SOURCE RECORDS ->
:::::

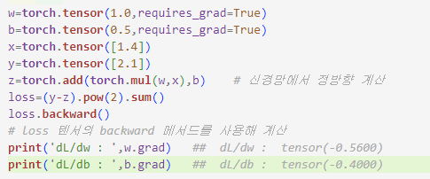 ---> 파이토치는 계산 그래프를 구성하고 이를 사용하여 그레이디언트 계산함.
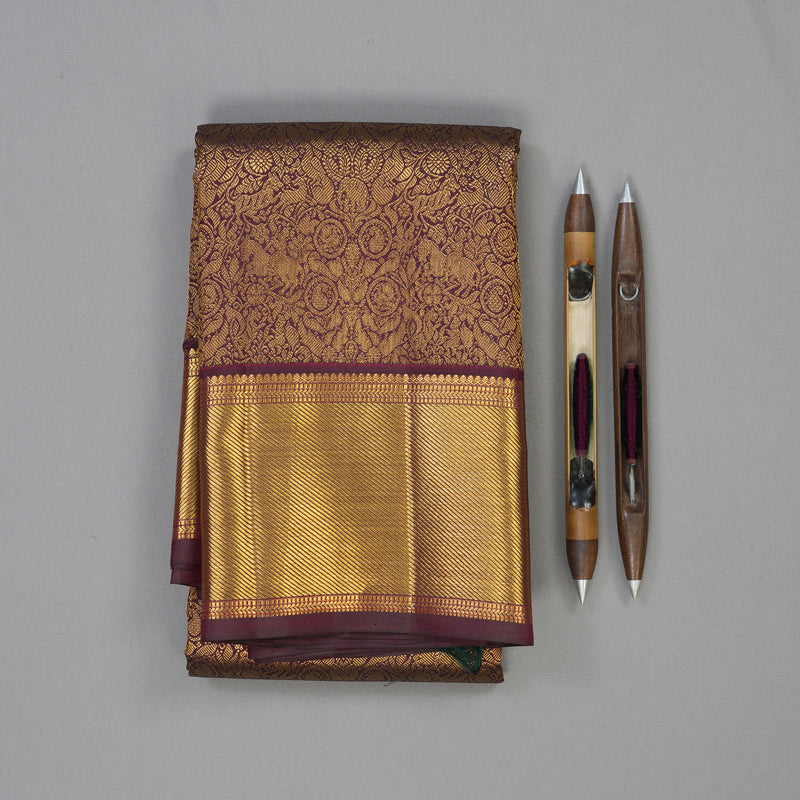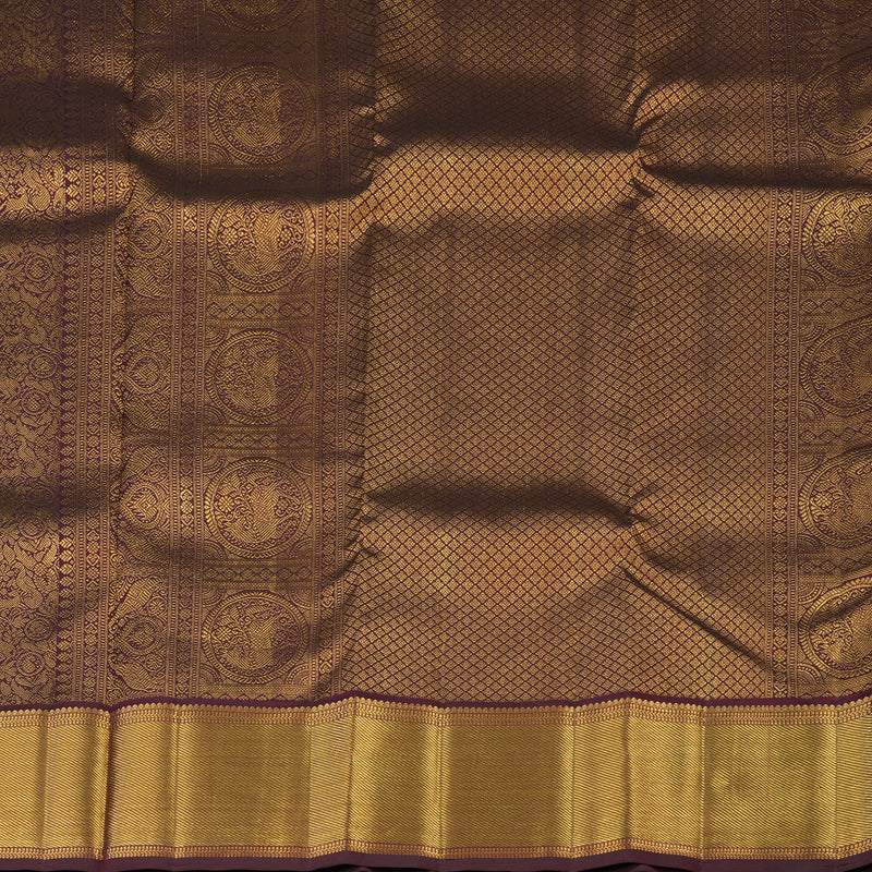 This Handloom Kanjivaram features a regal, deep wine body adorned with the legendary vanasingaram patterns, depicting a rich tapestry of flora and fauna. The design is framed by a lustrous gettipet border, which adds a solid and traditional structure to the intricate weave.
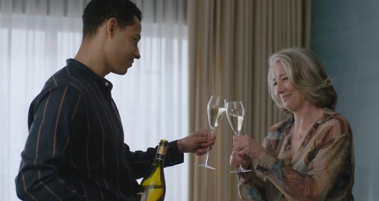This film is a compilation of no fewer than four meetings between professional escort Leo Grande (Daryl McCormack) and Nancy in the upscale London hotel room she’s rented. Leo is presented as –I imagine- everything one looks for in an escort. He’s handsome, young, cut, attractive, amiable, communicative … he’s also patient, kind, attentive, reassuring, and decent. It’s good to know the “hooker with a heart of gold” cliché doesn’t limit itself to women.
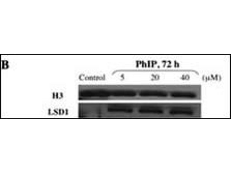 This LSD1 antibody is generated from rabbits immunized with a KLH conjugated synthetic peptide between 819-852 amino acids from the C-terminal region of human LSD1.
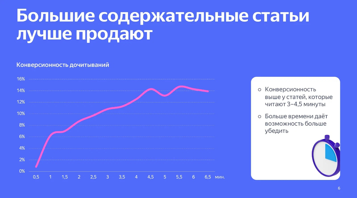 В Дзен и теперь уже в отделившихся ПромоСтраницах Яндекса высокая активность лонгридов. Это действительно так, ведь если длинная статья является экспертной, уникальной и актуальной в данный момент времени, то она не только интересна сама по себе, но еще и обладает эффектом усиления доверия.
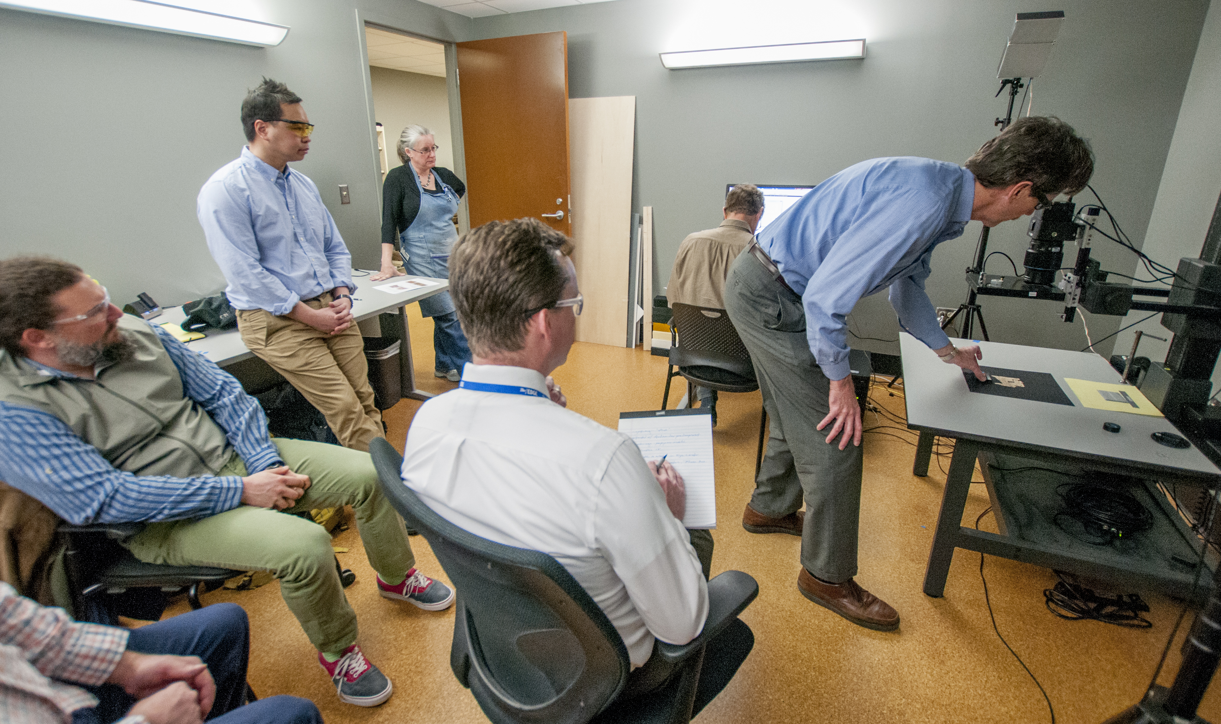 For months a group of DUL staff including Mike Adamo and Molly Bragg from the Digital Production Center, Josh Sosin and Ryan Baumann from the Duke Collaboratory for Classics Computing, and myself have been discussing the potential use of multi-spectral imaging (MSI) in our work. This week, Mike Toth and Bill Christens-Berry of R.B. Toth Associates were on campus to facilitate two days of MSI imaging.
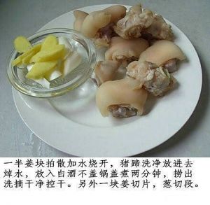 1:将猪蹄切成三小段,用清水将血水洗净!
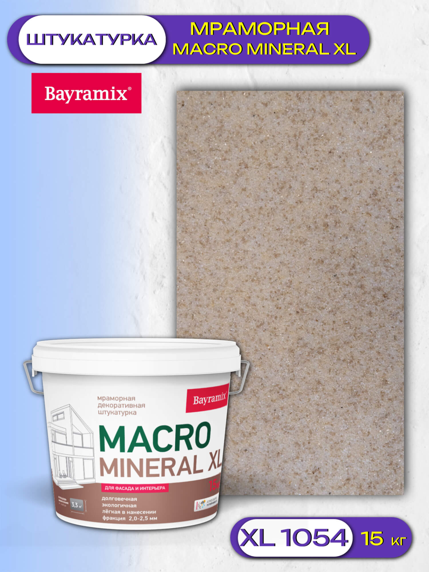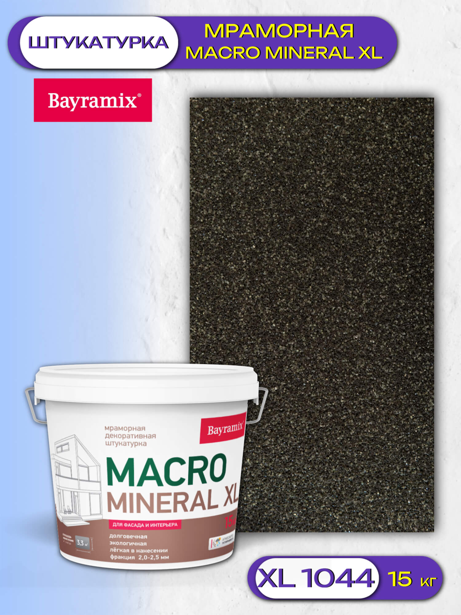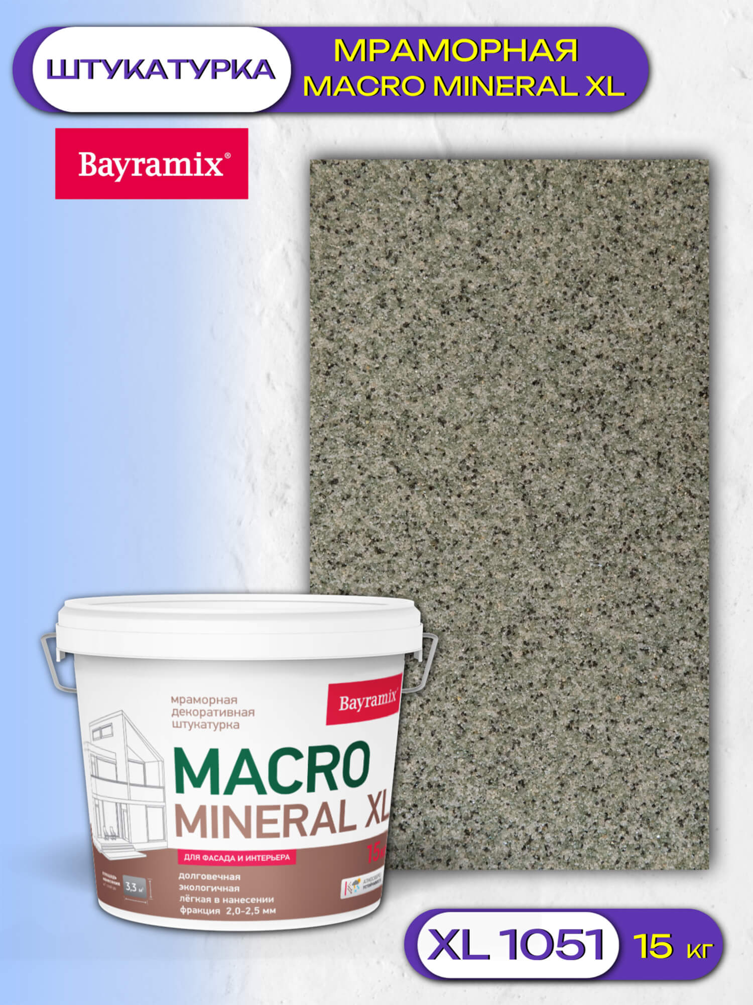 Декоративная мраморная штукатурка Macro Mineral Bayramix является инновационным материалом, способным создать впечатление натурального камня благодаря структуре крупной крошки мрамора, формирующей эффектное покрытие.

:::::

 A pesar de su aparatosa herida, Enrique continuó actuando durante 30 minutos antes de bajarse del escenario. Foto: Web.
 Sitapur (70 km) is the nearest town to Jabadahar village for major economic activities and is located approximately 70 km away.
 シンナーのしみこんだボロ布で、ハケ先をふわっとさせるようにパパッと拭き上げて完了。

:::::

ACTIVITY ->
From the records above, transcribe exactly the lines starting at the one containing "---> 파이토치는 계산 그래프를 구성하고 이를 사용하여 그레이디언트 계산함." and ending at the one containing "This LSD1 antibody". Skip the pictures.

EXERCISE RESULT ->
 ---> 파이토치는 계산 그래프를 구성하고 이를 사용하여 그레이디언트 계산함.
 This Handloom Kanjivaram features a regal, deep wine body adorned with the legendary vanasingaram patterns, depicting a rich tapestry of flora and fauna. The design is framed by a lustrous gettipet border, which adds a solid and traditional structure to the intricate weave.
This film is a compilation of no fewer than four meetings between professional escort Leo Grande (Daryl McCormack) and Nancy in the upscale London hotel room she’s rented. Leo is presented as –I imagine- everything one looks for in an escort. He’s handsome, young, cut, attractive, amiable, communicative … he’s also patient, kind, attentive, reassuring, and decent. It’s good to know the “hooker with a heart of gold” cliché doesn’t limit itself to women.
 This LSD1 antibody is generated from rabbits immunized with a KLH conjugated synthetic peptide between 819-852 amino acids from the C-terminal region of human LSD1.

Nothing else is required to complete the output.